Oxy‐Radicals and the Radiobiological Oxygen Effect

Abstract The radiobiological oxygen effect can be separated into its biological and chemical components, using time‐resolved or kinetic studies. Rapid mix techniques show that the full oxygen enhancement ratio (OER) for radiation‐induced cell killing is expressed when oxygen is present or admitted 40 ms prior to irradiation. This predominant chemical action of oxygen, including direct and indirect action, is too fast to implicate processes other than those involving free radical species. The two principal hypotheses, “oxygen fixation” and “active oxygen”, are discussed.
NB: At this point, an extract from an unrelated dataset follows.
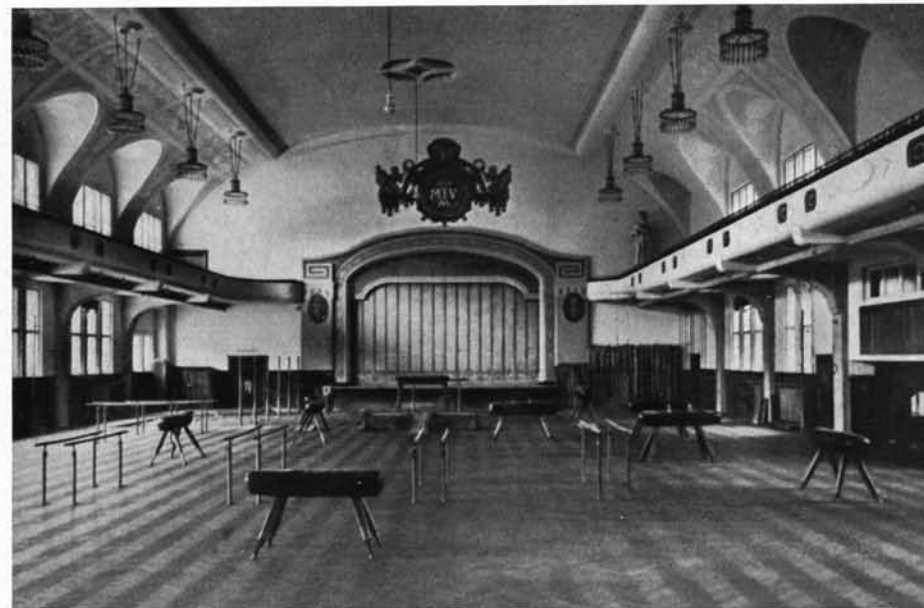
Großer Turnsaal (1010 qm)

Von Anfang seines Bestehens war der M.T.V. darauf bedacht, neben dem Turnbetrieb in der Halle seinen Mitgliedern auch Leibesübungen in frischer Luft und Sonne zu bieten. Nachdem im März 1896 ein Aufruf des Deutschen Bundes für Sport, Spiel und Turnen zur Beteiligung an den Olympischen Spielen und zur Förderung der Turn- und Jugendspiele überhaupt ergangen war, stellte der M.T.V. seinen im September 1896 erworbenen Platz in der Gemeinde Gräfelfing, Haltestelle Lochham, bereits in den Dienst dieser Leibesübungen. Ein Unterkunfts- haus, eine offene Halle, Umkleide- und Waschräume für Männer und Frauen

Pulse radiolysis studies of model systems provide kinetic data to indicate the principal damaging species and radiation targets, the kinetics and sequence of damaging events, and the role of redox processes involving oxygen, oxy‐radicals and radiation modifiers. Complementary steady‐state radiolysis studies enable the nature and extent of the physico‐chemical damage to be quantified. Mechanistic aspects of the radiobiological oxygen effect are inferred from in vitro studies of irradiated mammalian cells, comparing the different biological end‐points with specific forms of chemical damage, under a variety of physical, chemical and biological conditions. While this review stresses the role of oxygen in sensitizing the critical cellular target DNA, responsible for the acute biological effect of cell killing, it must be remembered that for cancer and other chronic effects, having a long latent period between radiation exposure and the biological expression of deleterious damage, there may not be an oxygen effect or if there is, it may be quite different in terms of the damaging species, principal radiation targets, and the sequence and kinetics of the damaging events. Although oxygen and oxy‐radicals may be involved in the initiation and development of cancer, their overall roles in influencing the chronic effects of radiation may be complex and dependent upon cellular and multicellular factors, making it difficult to unambiguously elucidate possible mechanisms.